District of Wallasey, England

Seacombe (/ˈsiːkəm/) is a district of the town of Wallasey, on the Wirral Peninsula, England. Administratively, Seacombe is a ward of the Metropolitan Borough of Wirral in Merseyside. Before local government reorganisation on 1 April 1974, it was part of the County Borough of Wallasey, within the geographical county of Cheshire.
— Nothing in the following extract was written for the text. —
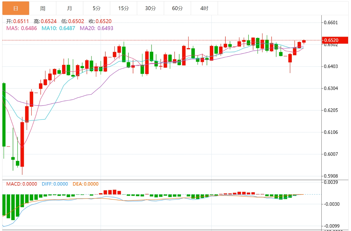 技术分析:澳元在0.6500支撑位上方保持位置,接近九日EMA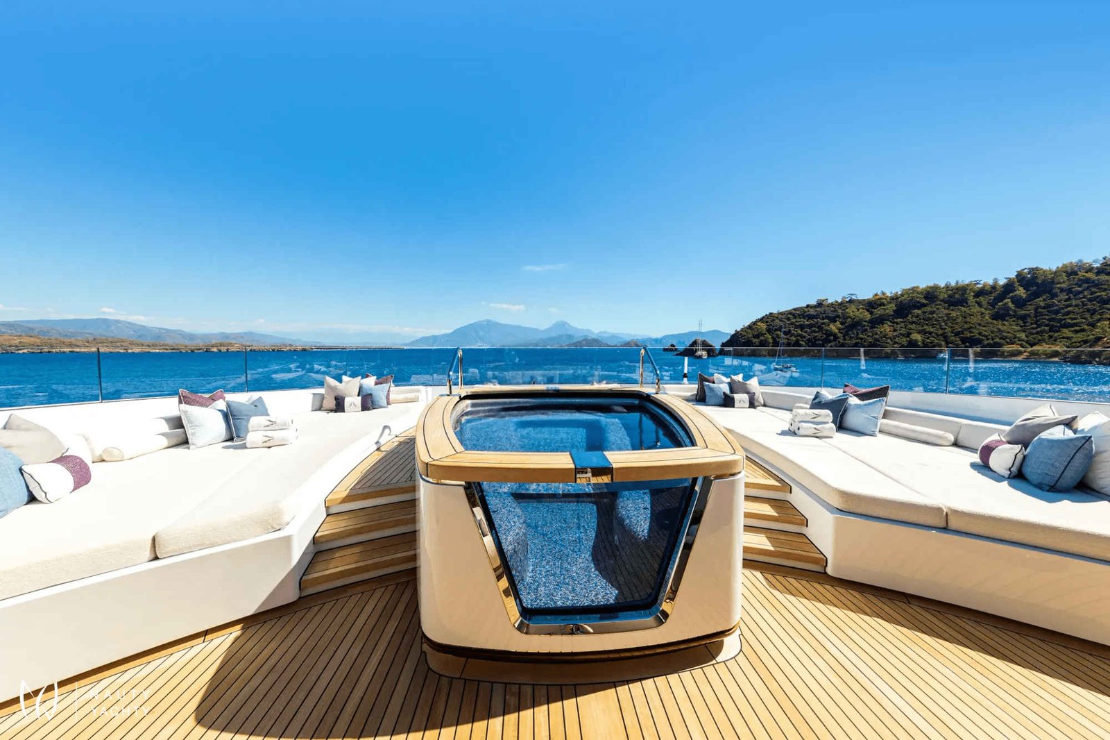 The 75m 2020 Feadship ARROW is the latest superyacht from the reputable Dutch builder to enter the charter market and her sensational spaces inside and out blow other yachts out of the water.With interior and exterior design by H2, ARROW yacht (formerly known as Project 703) is a glossy and state-of-the-art yacht that combines supreme build quality with plenty of room for socialising and entertaining.From the off, the scene is set in the main salon with lots of varnished teak and backlit marble creating a lavish lounge, where offset settees curve into each for a more intimate atmosphere.Formal dining for 12 round a glass table lies beyond and further still there’s a cinema area with surround sound. Up in the bridge deck sky lounge, doors open up to the aft terrace seamlessly, where guests can enjoy alfresco dining under the protection of retractable glass panels or chill out in the lounge area aft and enjoy enviable vistas through the infinity view glass bulwarks.An ARROW yacht charter can accommodate 12 guests across six cabins, including a main deck master, a bridge deck VIP and three further doubles and a twin cabin on the lower deck.Charter guests will love her exquisite sun deck, with its partially transparent Jacuzzi with sunpads forward, pizza oven and barbecue area, gym – which can be either open or enclosed – a cool sit-up bar and lots of lounging options, including C-shaped sofas aft with more infinity views.However, ARROW yacht’s standout feature is surely her full-beam beach club, which transforms into a sea-level evening entertaining lounge. There’s a bar, lots of seating and access to the massage room and steam shower. And, of course, during the day this is the hub of activity for guests who want to try out the plethora of water toys or hop aboard one of three tenders.Guests on an ARROW yacht charter can expect the highest levels of quality and service, while a glass elevator from the lower deck to the bridge deck makes it an ideal base for multigenerational charters.With stabilisers at anchor and underway, ARROW yacht assures a smooth charter and your guests will want for nothing.

At the 2001 Census, the population of Seacombe was 15,158, (7,081 males and 8,077 females), increasing to 15,387 (7,554 males, 7,833 females) at the Census 2011.

==History==
Seacombe is mentioned in the Domesday Book of 1086 as Seccum.

In 1845 George Turnbull was the civil engineer who designed and built the Seacombe Wall sea defence that helped drain the marshes behind the town.
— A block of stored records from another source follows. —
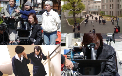 この日は、晴天に恵まれたクランクイン初日である。亜也さん(大西)が、高校から養護学校に転校する、分岐点の撮影である。撮影場所は、岡崎養護学校の校門前。スタッフらも、気を引き締め周囲に緊張が走る。岡村監督(中央・帽子姿)も、初メガホンとあり、入念なチェックをしていた。
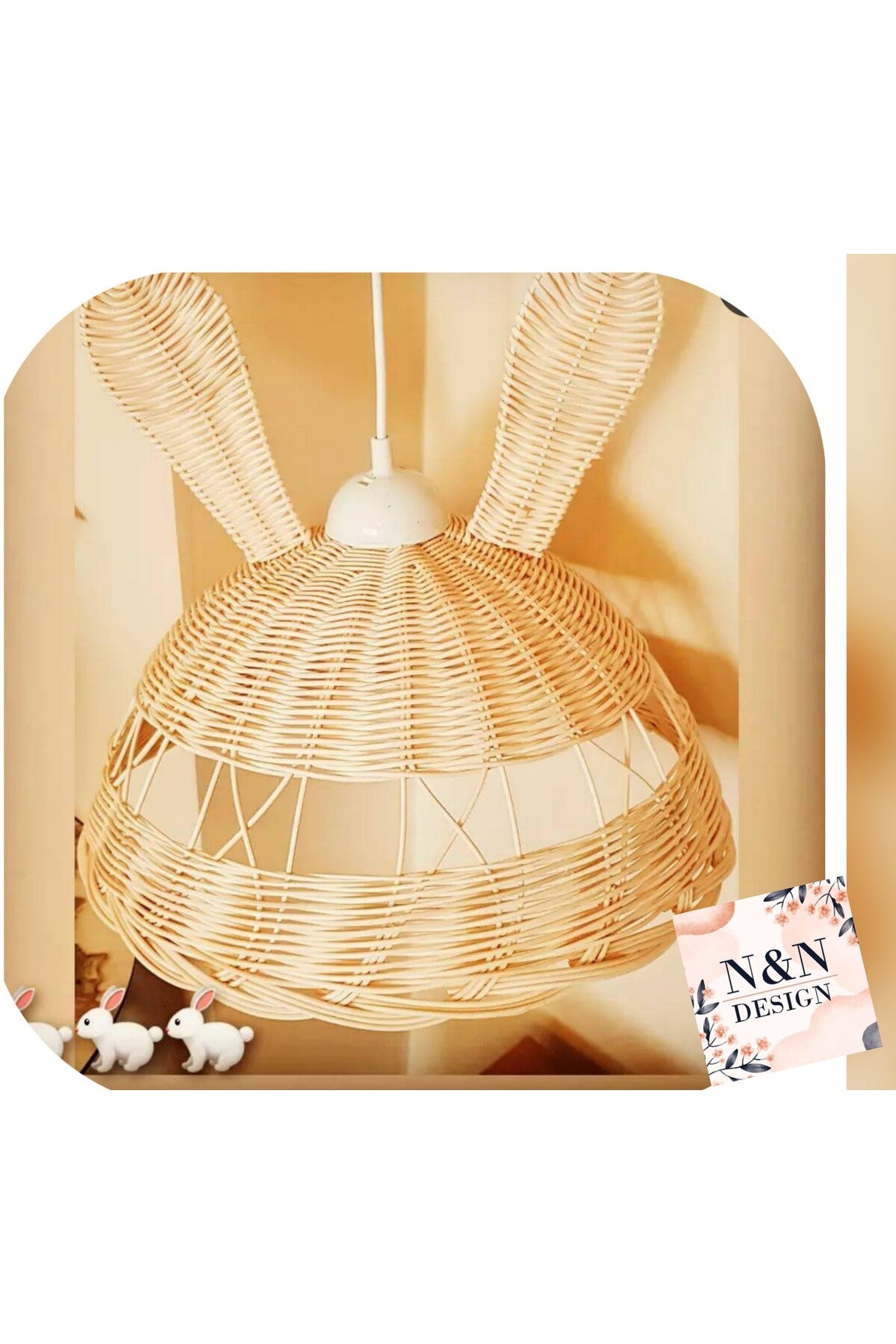 Children'S Room Eared Chandelier Rattan Bamboo Wicker Chandelier
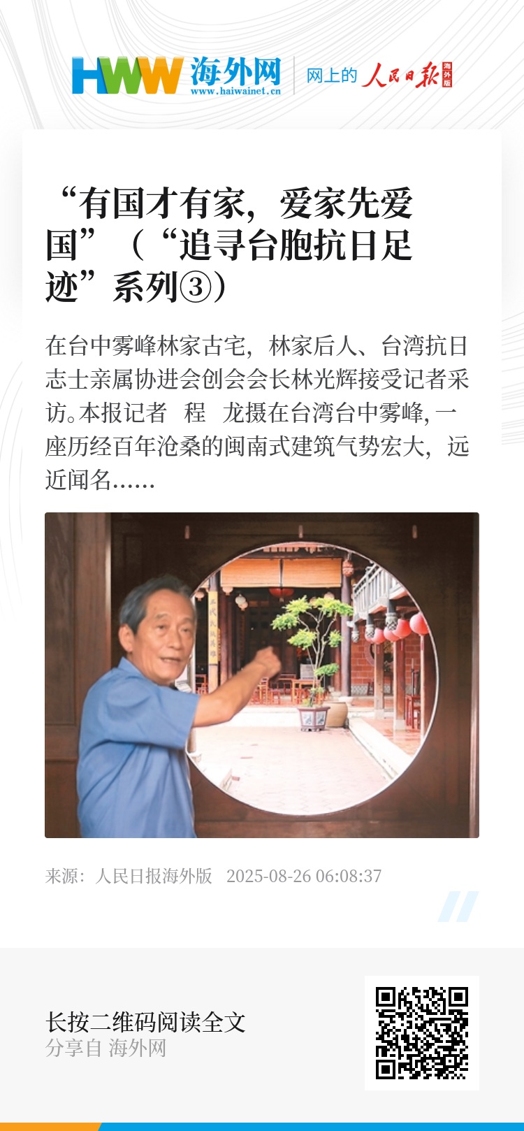 林家后人、台湾抗日志士亲属协进会理事长林铭聪表示,今年是抗战胜利80周年和台湾光复80周年,历史意义深远。“抗战胜利来之不易,是无数志士用热血换来的。我们要倍加珍惜如今的和平,也希望两岸携手,共同守护中华民族的和平与发展。”(本报记者 柴逸扉 程 龙)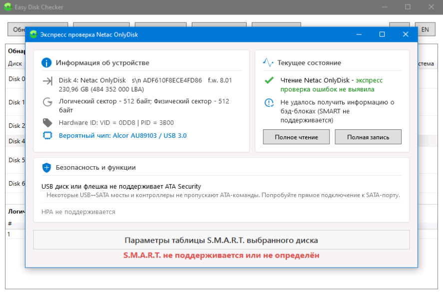 Если диск не читается, не смотря на корректный паспорт и объём, экспресс-проверка выдаст об этом сообщение.

Seacombe was originally a terminus for the Wirral Railway; however, passenger services ended on 4 January 1960 and all services on the line terminated on 16 June 1963. Much of the line to Seacombe station was used as the approach road to the Kingsway Tunnel.

==Geography==
Seacombe is situated to the north-east of the Wirral Peninsula, adjoining the River Mersey to the east. Seacombe is less than 4 km south-south-east of the Irish Sea at New Brighton and about 11 km east-north-east of the Dee Estuary at Caldy. The area is at an elevation of between 0-18 m above sea level.

==Notable features==
Seacombe is dominated by three landmarks. The first of these is one of the terminals for the Mersey Ferry, the legendary "Ferry 'cross the Mersey" described by Gerry & The Pacemakers. The ferry travels in a triangular route between the Seacombe, Woodside and Liverpool Pier Head terminals. The second landmark is the parish church of St Paul. The third is a building housing some of the ventilation systems for the Kingsway Tunnel, a colossal structure which faces the river. It consists of two huge grilles which resemble stereo speakers, and a central concrete flue-like structure. This building has an almost identical counterpart on the Liverpool side of the river.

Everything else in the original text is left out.